Я пришла в больницу навестить подругу. В палате лежали три женщины, на стене висела большая телевизионная плазма, которую почти никогда не выключали и оттуда либо лился поток слов о наших победах, либо доносились крики очередного шоу, где разоблачали неверных отцов, подлых мужей, обманутых жен. Соседки по палате были очень рады возвращению Крыма в семью народов, но при этом каждая рассказывала о своих непроходимых горестях. Полная старая женщина из Подмосковья говорила, как в юности оказалась в оккупации, ее не брали на работу, муж сильно пил и рано умер, а детям до нее нет дела. А врачи за все хотят денег. И как жить? Одно хорошо, что теперь Крым с нами. Я спросила, была ли она там, или, может, собирается. Нет, не была, у нее и денег никогда не было на курорты эти ездить.

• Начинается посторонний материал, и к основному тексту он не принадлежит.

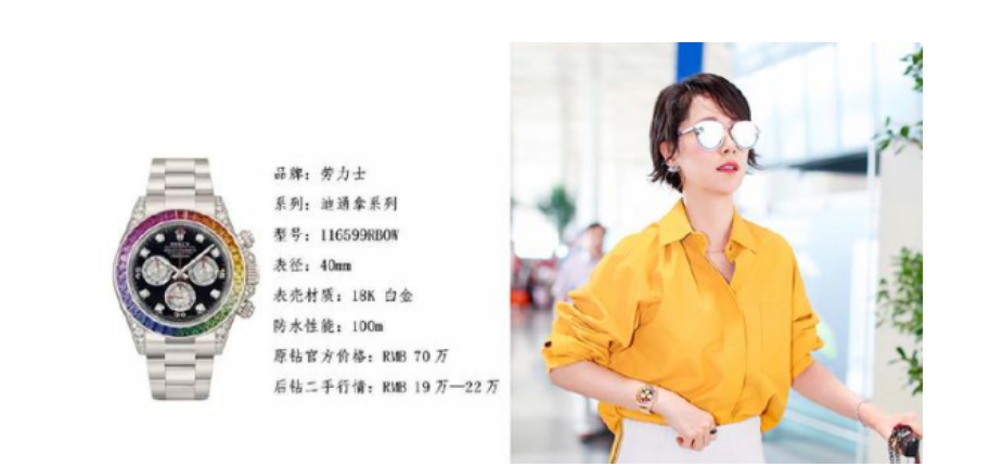 最令人震惊的是,海清有次在机场戴了劳力士迪通拿系列的一款大金表,价值70万元,实在是太豪气了。

На работе в музее я застала сотрудницу с бокалом шампанского в руках и телефонной трубкой. Она звонила своим знакомым в Крым и кричала о том, что пьет за возвращение Волошина, Цветаевой, Парнок – за всех поэтов, которые населяли Коктебель и Судак, потому что они снова с нами. Она неистовствовала и чокалась рюмкой с телефонной трубкой. Когда ее страстный монолог завершился, я спросила, кто и когда отнимал у нее любимых поэтов. После взаимных упреков и оскорблений я ушла. Был конец марта, поскользнувшись на пороге, я рухнула в снег. Это было во дворе нашего арбатского особнячка; уже становилось темно, никого не было рядом; я лежала и смотрела в небо и думала о тетках в больнице, о своей неукротимой сотруднице, о том, зачем и почему все это происходит. Вновь и вновь мне представлялось несчастное лицо сына, невестки, которые боятся за детей, за город, который принял всех нас в нашем несчастье, и плакала, сама не понимая отчего. Наверное, от слабости.